Verify Stokes Theorem vector field $\vec{F} = (y, −x, xyz)$

Question

Verify Stokes’ theorem for the vector field $$\vec{F} = (y, −x, xyz)$$ and the open surface given in cylindrical polar coordinates by $ρ + z = a$, with $z > 0$, and $a > 0$

How do I obtain the surface and bounds?

Answer 1

First, let's state Stokes' theorem: $$ \oint_\Gamma F \cdot d\Gamma = \iint_S \nabla \times F \cdot dS $$ Before starting computing integrals, one should visualize the geometry of the problem. In this case, $S$ stands for a cone geometry, whose tall is $a$ and its base is centered at $(0,0,0)$, while $\Gamma$ stands for its bound, i.e. circumference whose radius is $a$ and is centered at the origin.

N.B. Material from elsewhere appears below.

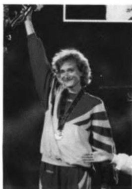
Золота медалістка в легкій атлетиці — Інесса КРАВЕЦЬ.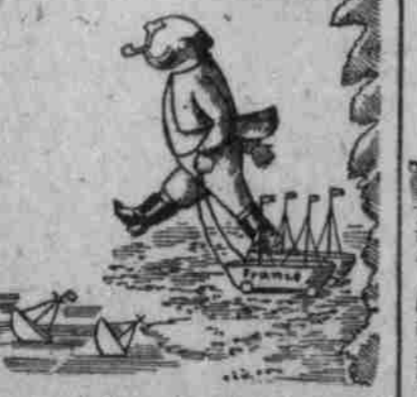
Als der John nach Süden zog, In ein leichtes Luftschiff trat...

In this case, the easier part is the left hand side, which is immediately obtained (taking into account the relationship between $(x,y)$ and $(r,\theta)$): $$\oint_\Gamma F \cdot d\Gamma = \int_0^{2\pi} \left( {\begin{array}{c} y \\ -x \\ xyz \\ \end{array} } \right) \cdot \left( {\begin{array}{c} -\sin(\theta) \\ \cos(\theta) \\ 0 \\ \end{array} } \right) a d\theta = \int_0^{2\pi} \left( {\begin{array}{c} a\sin(\theta) \\ -a\cos(\theta) \\ -z a^2 \cos(\theta)\sin(\theta) \\ \end{array} } \right) \cdot \left( {\begin{array}{c} -\sin(\theta) \\ \cos(\theta) \\ 0 \\ \end{array} } \right) a d\theta $$ Leading to: $$\oint_\Gamma F \cdot d\Gamma = \int_0^{2\pi} -a^2 (\cos^2(\theta)+\sin^2(\theta)) d\theta = -2\pi a^2$$

It remains to prove the right hand side. First, start computing the curl of the $F$ field: $$\nabla \times F = \left( {\begin{array}{c} xz \\ -yz \\ -2 \\ \end{array} } \right) = \left( {\begin{array}{c} zr\cos(\theta) \\ -zr\sin(\theta) \\ -2 \\ \end{array} } \right) $$ Once the curl has been computed, go on with $dS$. You can decompose in an unitary vector and its magnitude: $$ dS = \vert dS \vert u_{dS}$$ Where by geometry: $$\vert dS \vert = \sqrt{2} r dz d\theta$$ And: $$u_{dS} = \left( {\begin{array}{c} \cos(\theta)/\sqrt{2} \\ \sin(\theta)/\sqrt{2} \\ 1/\sqrt{2} \\ \end{array} } \right) $$

Once we have $\nabla \times F$ and $dS$, we can compute the integral term $\nabla \times F \cdot dS$: $$\nabla \times F \cdot dS = [zr(\cos^2(\theta)-\sin^2(\theta))-2]rdzd\theta$$

This term has to be evaluated in all $S$. We can parametrize $S$ with $\theta$ and $r$ and remembering that $r=a-z$, i.e. $S= \left\{ (r,\theta,z) \vert 0 \leq z \leq a, 0 \leq \theta < 2\pi, r = a-z\right\}$:

$$ \iint_S \nabla \times F \cdot dS = \int_0^{2\pi} \int_0^a [z(a-z)(\cos^2(\theta)-\sin^2(\theta))-2](a-z)dz d\theta $$

As $\int_0^{2\pi} (\cos^2(\theta)-\sin^2(\theta)) d\theta = 0$:

$$ \iint_S \nabla \times F \cdot dS = \int_0^{2\pi} \int_0^a -2(a-z)dz d\theta = -2\pi a^2 $$

Obtaining a result which, of curse, is consistent with Stokes'theorem.